Doug Rank, senior data scientist at Saggezza, predicts the trend will mirror the trajectory of technologies like computers and networks, which evolved from being usable by only a few experts to wide adoption across the enterprise. The big challenge will be cleaning up the data and providing access with appropriate guardrails.
“With careful planning, IT leaders can ensure their data remains accurate and complete throughout cloud migrations, so they can realize the value of accessible AI,” Rank said.

8. Responsible AI 
Early AI work operated in a greenfield when it came to regulations, ethics and explainability. The first substantive efforts at addressing this absence of oversight have focused on protecting data privacy and security through new legislation like GDPR and CCPA. The laws included some guidelines on AI transparency, particularly when personally identifiable information was used to make substantive decisions. Now regulators in Europe and the Biden Administration in the U.S. are turning the heat up on the AI algorithms themselves. 

Thanneer Malai

Trustworthy AI is growing in importance, not just to appease regulators and consumers but also to help business users understand where and how AI makes mistakes.
Thanneer Malai, senior technical program manager at Saggezza, predicts enterprises will have to invest in training programs for trustworthy AI. Improved training will help humans identify and rectify problems that automated tools may miss.

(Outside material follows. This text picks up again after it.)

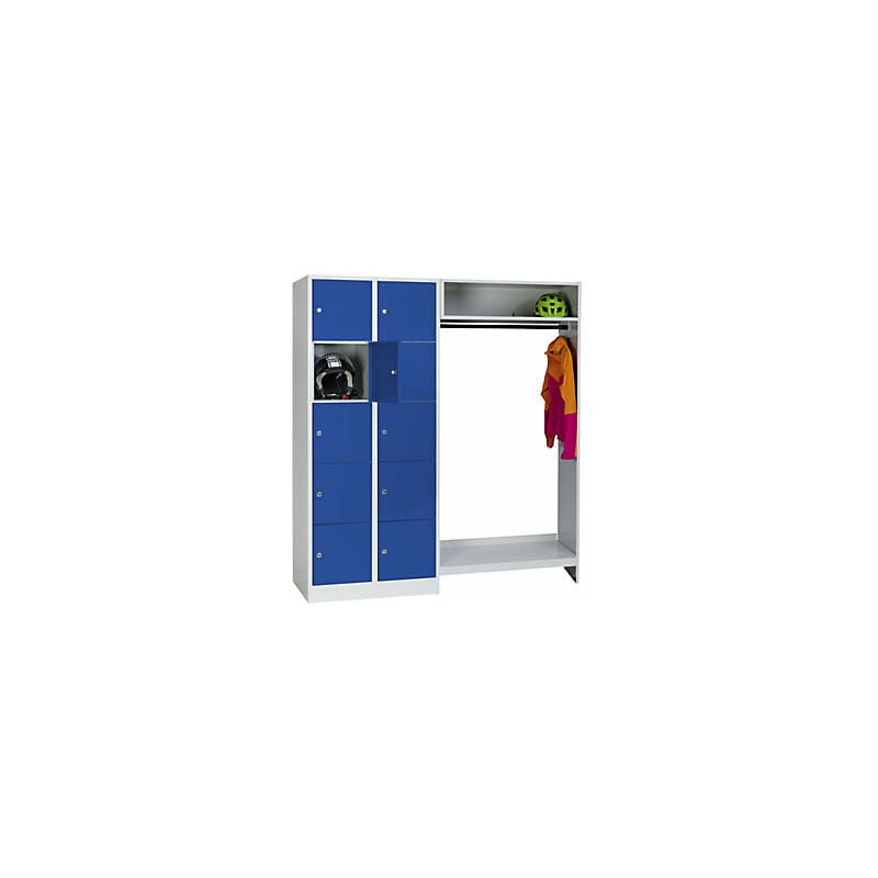 Sistema di strutture guardaroba con armadietti, 10 scomparti a sinistra, 10 grucce, larghezza totale 1670 mm, larghezza scomparti 398 mm, blu genziana / grigio chiaro. Fornitura = in parte smontato. Altezza = 1850 mm. Profondità = 500 mm. Larghezza = 1670 mm. Colore corpo = grigio chiaro RAL 7035. Colore porta = blu genziana RAL 5010. Serratura = serratura a cilindro differenziata. Numero scomparti in larghezza = 2 pz. Numero scomparti = 10 pz. Larghezza scomparti = 400 mm. Materiale = lamiera d'acciaio, con verniciatura a forno. Altezza armadietto = 1850 mm. Dotazione interna = senza dotazione interna. Larghezza interna = 398 mm. Altezza interna = 345 mm. Profondità interna = 475 mm. Tipo di porta = ante piene. Numero chiavi = 2 pz. Altezza scomparti = 350 mm. Larghezza ripiani = 400 mm. Profondità ripiani = 500 mm. Altezza zoccolo = 100 mm. Struttura = saldata. Superficie = con verniciatura a forno. Asta appendiabiti, a sezione ovale, con verniciatura plastica in nero. Portatarghette
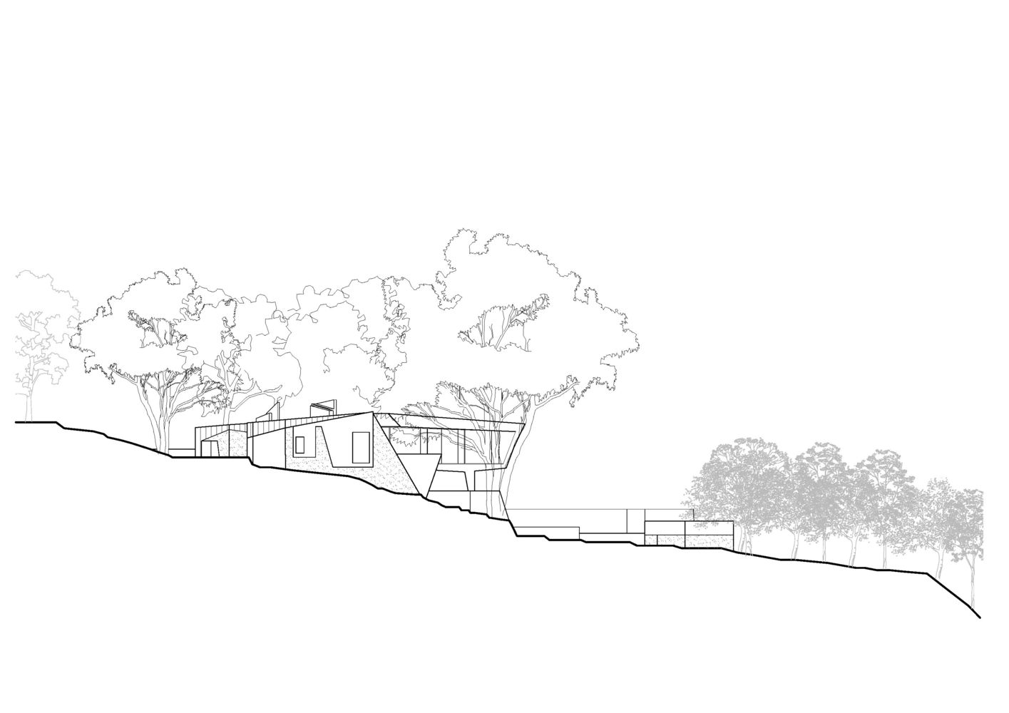 该项目位于一个典型的悉尼背景,城堡湾,陡峭的峡谷包含的支流,流经angophora丛林向下的港口。砂岩地质学无所不在,形式多样,可以从巨大的峭壁到基岩中的小波纹中体现。这些景观构造为设计提供了信息,混凝土外表的不规则几何台阶围绕着露出的岩石和变化的地形,创造了一个不确定的形式,这使该项目独特且新颖,但同样也可能会像是一个奇怪的物体在挖掘中“出土”。无论如何,混凝土元素与基地的几何形状产生共鸣,同时形成了一个为居住提供平台的建筑悬崖。

9. ROI guarantees for AI projects
Expect more IT executives to push for new results-driven contracts with AI consultancies, systems integrators and vendors. Arijit Sengupta, founder and CEO of Aible, who previously founded and sold off the Einstein platform to Salesforce, said, “People are going to be tired of paying huge amounts of money for a low probability of success.” For example, one survey from MIT and Boston Consulting Group found only 10% of AI projects are delivering financial benefits.

Arijit Sengupta

The status quo is for enterprises to invest significantly in multi-year software licenses and consulting fees up front without knowing whether the project will be successful. Sengupta argues this same sort of behavior drove millions of dollars of investment in Hadoop and big data systems, which never delivered on the promised benefits. “There will be greater demand for satisfaction guarantees for AI projects,” Sengupta predicts. Otherwise, the industry risks falling into another AI winter.